* **Task statement**: Leaving the pictures aside, return all of the data below exactly.
[Opening Source records section]
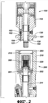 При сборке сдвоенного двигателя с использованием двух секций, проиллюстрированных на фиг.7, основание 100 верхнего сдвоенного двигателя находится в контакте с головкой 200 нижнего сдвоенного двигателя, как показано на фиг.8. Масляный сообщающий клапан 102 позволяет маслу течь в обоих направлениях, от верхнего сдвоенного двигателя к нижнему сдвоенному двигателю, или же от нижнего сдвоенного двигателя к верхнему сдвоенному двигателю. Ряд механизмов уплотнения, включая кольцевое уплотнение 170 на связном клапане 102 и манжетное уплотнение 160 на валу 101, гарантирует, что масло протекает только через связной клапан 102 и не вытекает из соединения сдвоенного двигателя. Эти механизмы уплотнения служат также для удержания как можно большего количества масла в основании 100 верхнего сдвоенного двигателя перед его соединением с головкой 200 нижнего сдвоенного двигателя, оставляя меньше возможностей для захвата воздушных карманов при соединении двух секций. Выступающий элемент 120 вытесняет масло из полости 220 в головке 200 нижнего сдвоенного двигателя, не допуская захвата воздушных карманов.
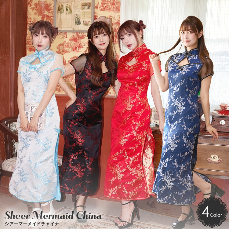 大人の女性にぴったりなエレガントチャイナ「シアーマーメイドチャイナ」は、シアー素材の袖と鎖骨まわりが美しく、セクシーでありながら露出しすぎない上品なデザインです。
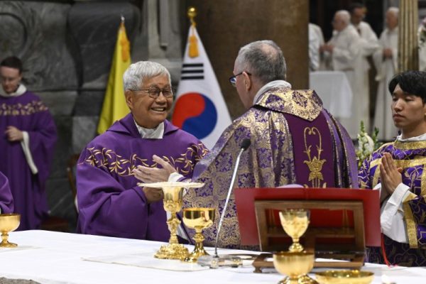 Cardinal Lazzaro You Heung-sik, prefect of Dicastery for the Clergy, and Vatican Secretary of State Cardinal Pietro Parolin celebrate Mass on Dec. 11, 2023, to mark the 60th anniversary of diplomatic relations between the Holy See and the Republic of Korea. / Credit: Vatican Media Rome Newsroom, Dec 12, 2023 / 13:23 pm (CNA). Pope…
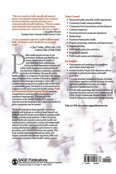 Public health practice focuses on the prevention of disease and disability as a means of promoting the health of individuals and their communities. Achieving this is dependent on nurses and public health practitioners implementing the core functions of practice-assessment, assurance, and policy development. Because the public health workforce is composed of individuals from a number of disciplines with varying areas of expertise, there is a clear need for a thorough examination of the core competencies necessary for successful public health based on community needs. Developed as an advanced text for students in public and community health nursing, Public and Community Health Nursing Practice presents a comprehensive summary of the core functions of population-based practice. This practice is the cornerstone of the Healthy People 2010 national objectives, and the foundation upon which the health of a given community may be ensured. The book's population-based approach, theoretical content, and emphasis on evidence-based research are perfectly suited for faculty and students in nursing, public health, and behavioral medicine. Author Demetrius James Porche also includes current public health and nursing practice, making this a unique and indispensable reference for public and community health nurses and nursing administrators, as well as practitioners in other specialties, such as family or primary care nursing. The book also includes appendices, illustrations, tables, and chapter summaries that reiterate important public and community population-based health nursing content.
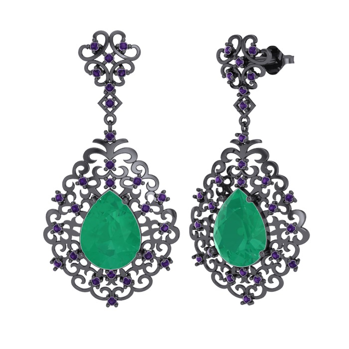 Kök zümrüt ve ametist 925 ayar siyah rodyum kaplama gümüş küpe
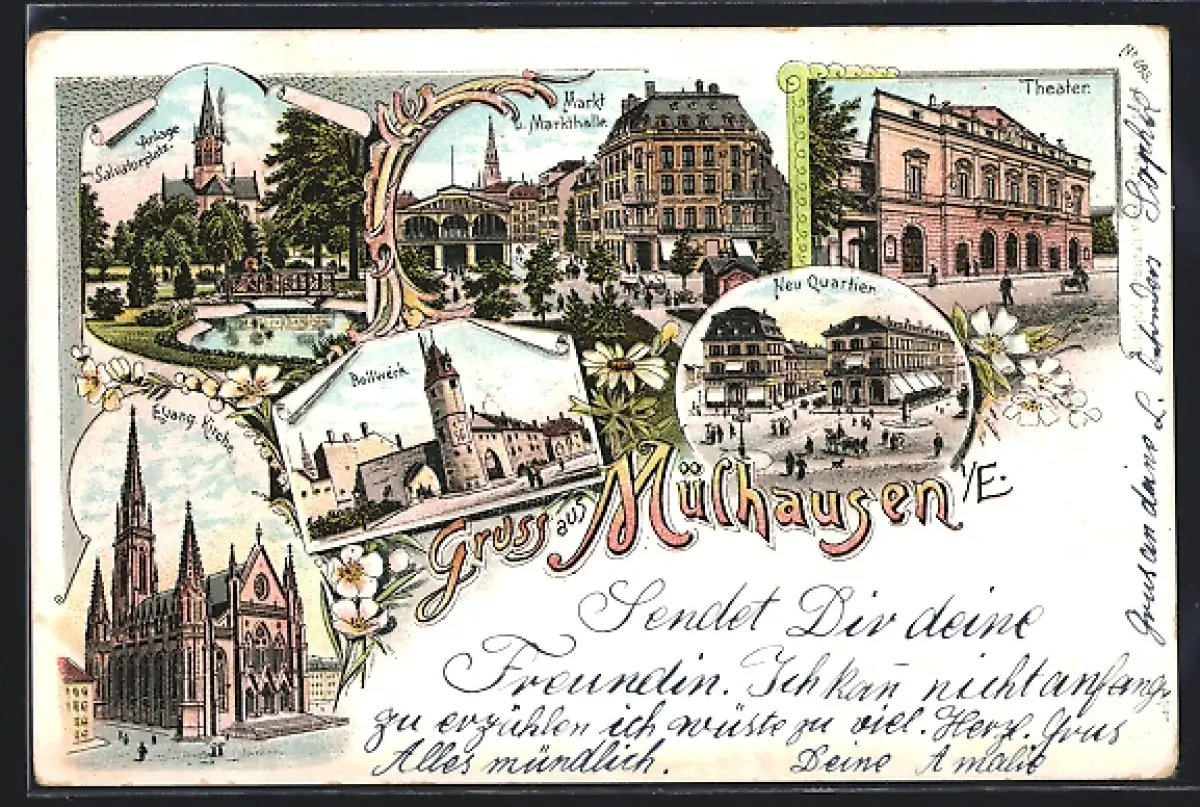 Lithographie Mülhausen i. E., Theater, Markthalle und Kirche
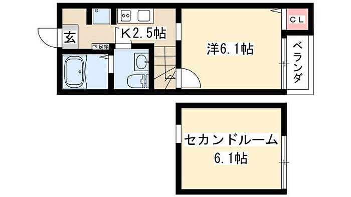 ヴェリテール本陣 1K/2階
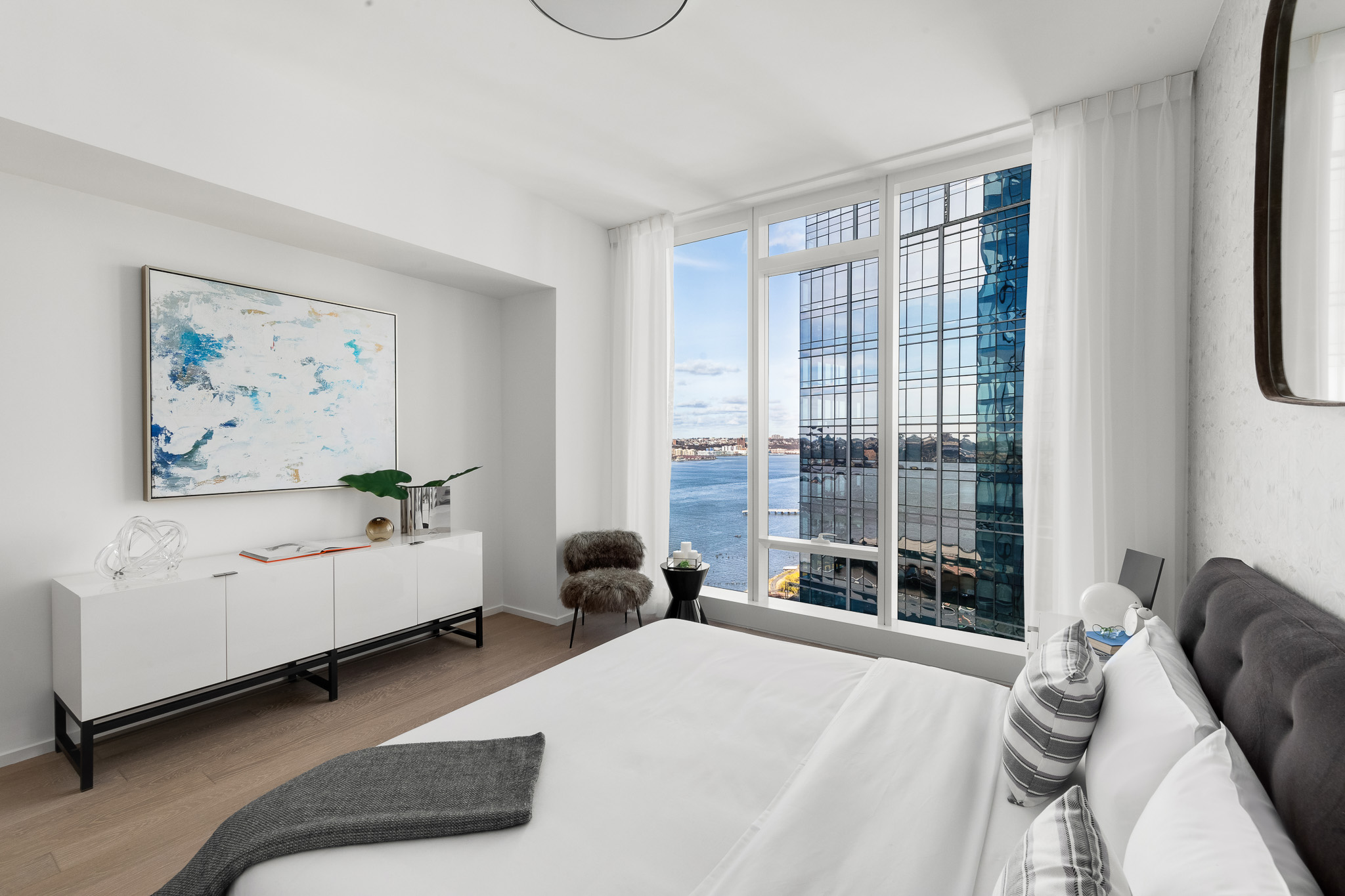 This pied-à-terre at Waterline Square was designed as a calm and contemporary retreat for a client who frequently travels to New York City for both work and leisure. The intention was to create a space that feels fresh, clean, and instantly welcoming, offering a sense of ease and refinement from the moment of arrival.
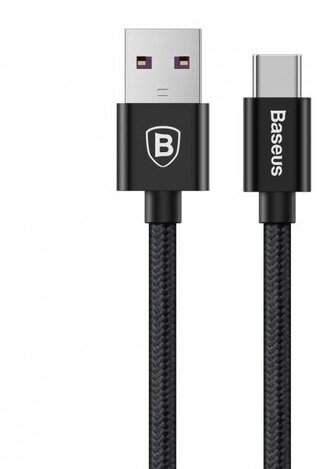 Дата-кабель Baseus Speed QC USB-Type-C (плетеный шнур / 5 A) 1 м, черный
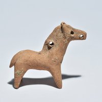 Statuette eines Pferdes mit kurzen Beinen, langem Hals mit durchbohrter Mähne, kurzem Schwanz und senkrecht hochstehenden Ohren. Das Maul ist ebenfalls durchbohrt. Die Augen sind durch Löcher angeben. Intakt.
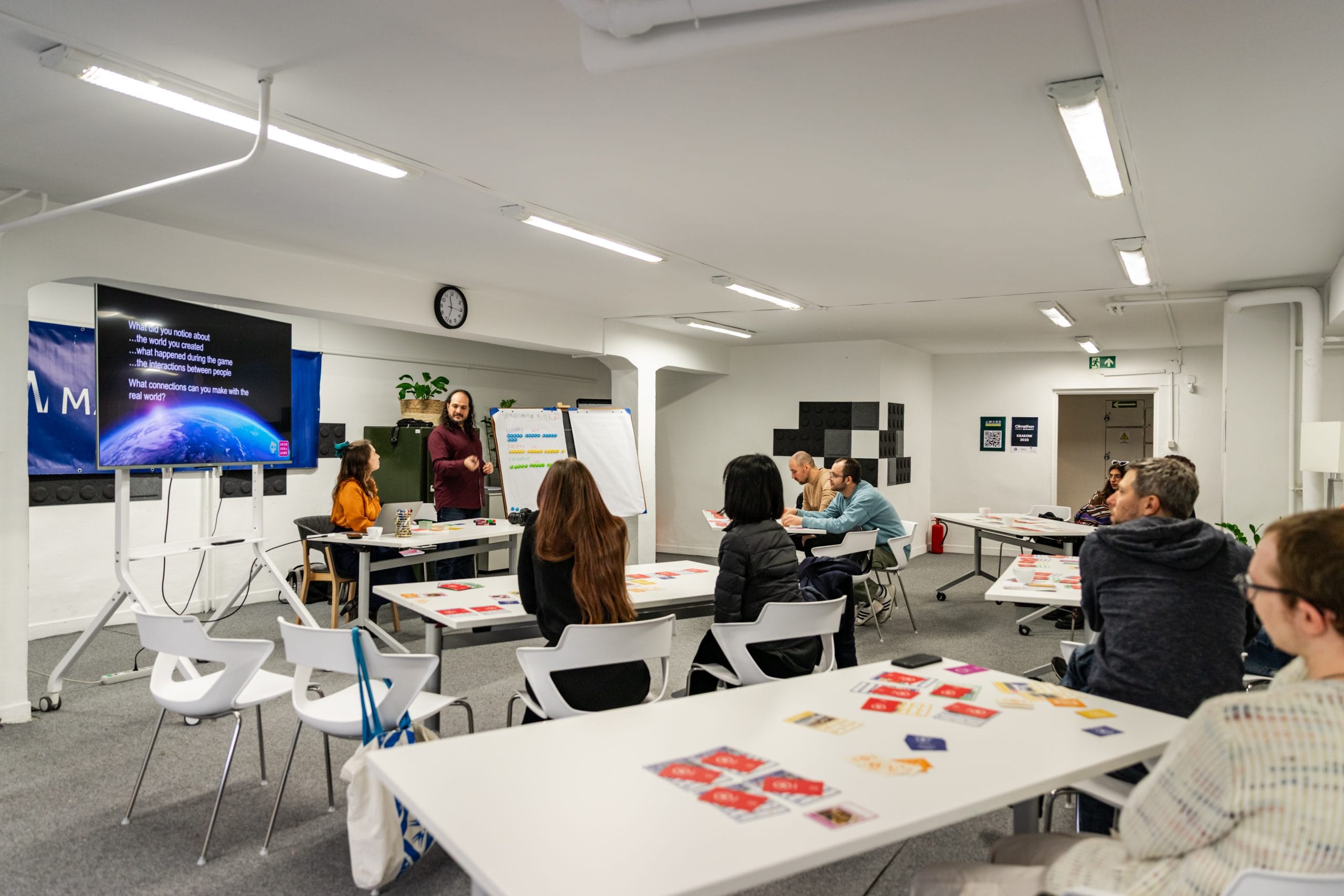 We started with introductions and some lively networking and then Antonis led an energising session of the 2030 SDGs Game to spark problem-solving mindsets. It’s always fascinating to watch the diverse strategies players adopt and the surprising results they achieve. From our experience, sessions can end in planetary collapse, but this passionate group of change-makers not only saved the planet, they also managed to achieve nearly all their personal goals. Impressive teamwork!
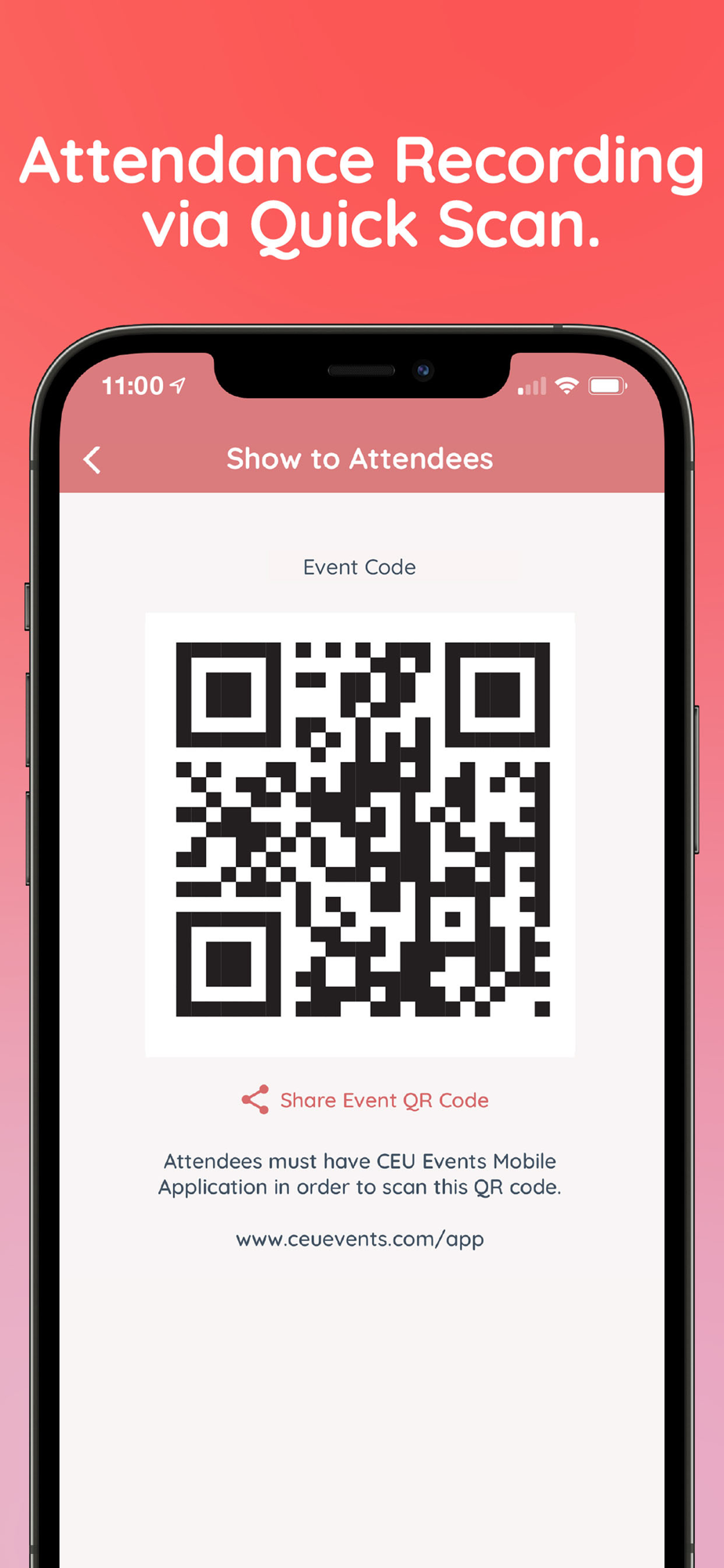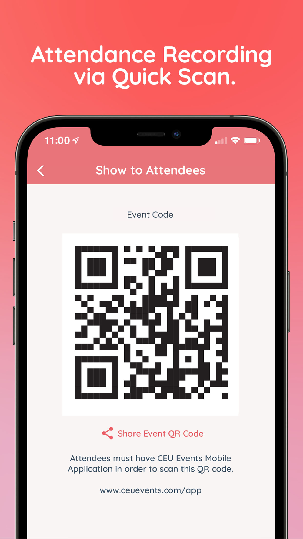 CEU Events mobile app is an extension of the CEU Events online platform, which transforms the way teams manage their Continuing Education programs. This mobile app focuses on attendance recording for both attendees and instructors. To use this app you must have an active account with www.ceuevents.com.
[Closing Source records section]
* **The answer**:
 При сборке сдвоенного двигателя с использованием двух секций, проиллюстрированных на фиг.7, основание 100 верхнего сдвоенного двигателя находится в контакте с головкой 200 нижнего сдвоенного двигателя, как показано на фиг.8. Масляный сообщающий клапан 102 позволяет маслу течь в обоих направлениях, от верхнего сдвоенного двигателя к нижнему сдвоенному двигателю, или же от нижнего сдвоенного двигателя к верхнему сдвоенному двигателю. Ряд механизмов уплотнения, включая кольцевое уплотнение 170 на связном клапане 102 и манжетное уплотнение 160 на валу 101, гарантирует, что масло протекает только через связной клапан 102 и не вытекает из соединения сдвоенного двигателя. Эти механизмы уплотнения служат также для удержания как можно большего количества масла в основании 100 верхнего сдвоенного двигателя перед его соединением с головкой 200 нижнего сдвоенного двигателя, оставляя меньше возможностей для захвата воздушных карманов при соединении двух секций. Выступающий элемент 120 вытесняет масло из полости 220 в головке 200 нижнего сдвоенного двигателя, не допуская захвата воздушных карманов.
 大人の女性にぴったりなエレガントチャイナ「シアーマーメイドチャイナ」は、シアー素材の袖と鎖骨まわりが美しく、セクシーでありながら露出しすぎない上品なデザインです。
 Cardinal Lazzaro You Heung-sik, prefect of Dicastery for the Clergy, and Vatican Secretary of State Cardinal Pietro Parolin celebrate Mass on Dec. 11, 2023, to mark the 60th anniversary of diplomatic relations between the Holy See and the Republic of Korea. / Credit: Vatican Media Rome Newsroom, Dec 12, 2023 / 13:23 pm (CNA). Pope…
 Public health practice focuses on the prevention of disease and disability as a means of promoting the health of individuals and their communities. Achieving this is dependent on nurses and public health practitioners implementing the core functions of practice-assessment, assurance, and policy development. Because the public health workforce is composed of individuals from a number of disciplines with varying areas of expertise, there is a clear need for a thorough examination of the core competencies necessary for successful public health based on community needs. Developed as an advanced text for students in public and community health nursing, Public and Community Health Nursing Practice presents a comprehensive summary of the core functions of population-based practice. This practice is the cornerstone of the Healthy People 2010 national objectives, and the foundation upon which the health of a given community may be ensured. The book's population-based approach, theoretical content, and emphasis on evidence-based research are perfectly suited for faculty and students in nursing, public health, and behavioral medicine. Author Demetrius James Porche also includes current public health and nursing practice, making this a unique and indispensable reference for public and community health nurses and nursing administrators, as well as practitioners in other specialties, such as family or primary care nursing. The book also includes appendices, illustrations, tables, and chapter summaries that reiterate important public and community population-based health nursing content.
 Kök zümrüt ve ametist 925 ayar siyah rodyum kaplama gümüş küpe
 Lithographie Mülhausen i. E., Theater, Markthalle und Kirche
 ヴェリテール本陣 1K/2階
 This pied-à-terre at Waterline Square was designed as a calm and contemporary retreat for a client who frequently travels to New York City for both work and leisure. The intention was to create a space that feels fresh, clean, and instantly welcoming, offering a sense of ease and refinement from the moment of arrival.
 Дата-кабель Baseus Speed QC USB-Type-C (плетеный шнур / 5 A) 1 м, черный
 Statuette eines Pferdes mit kurzen Beinen, langem Hals mit durchbohrter Mähne, kurzem Schwanz und senkrecht hochstehenden Ohren. Das Maul ist ebenfalls durchbohrt. Die Augen sind durch Löcher angeben. Intakt.
 We started with introductions and some lively networking and then Antonis led an energising session of the 2030 SDGs Game to spark problem-solving mindsets. It’s always fascinating to watch the diverse strategies players adopt and the surprising results they achieve. From our experience, sessions can end in planetary collapse, but this passionate group of change-makers not only saved the planet, they also managed to achieve nearly all their personal goals. Impressive teamwork!
 CEU Events mobile app is an extension of the CEU Events online platform, which transforms the way teams manage their Continuing Education programs. This mobile app focuses on attendance recording for both attendees and instructors. To use this app you must have an active account with www.ceuevents.com.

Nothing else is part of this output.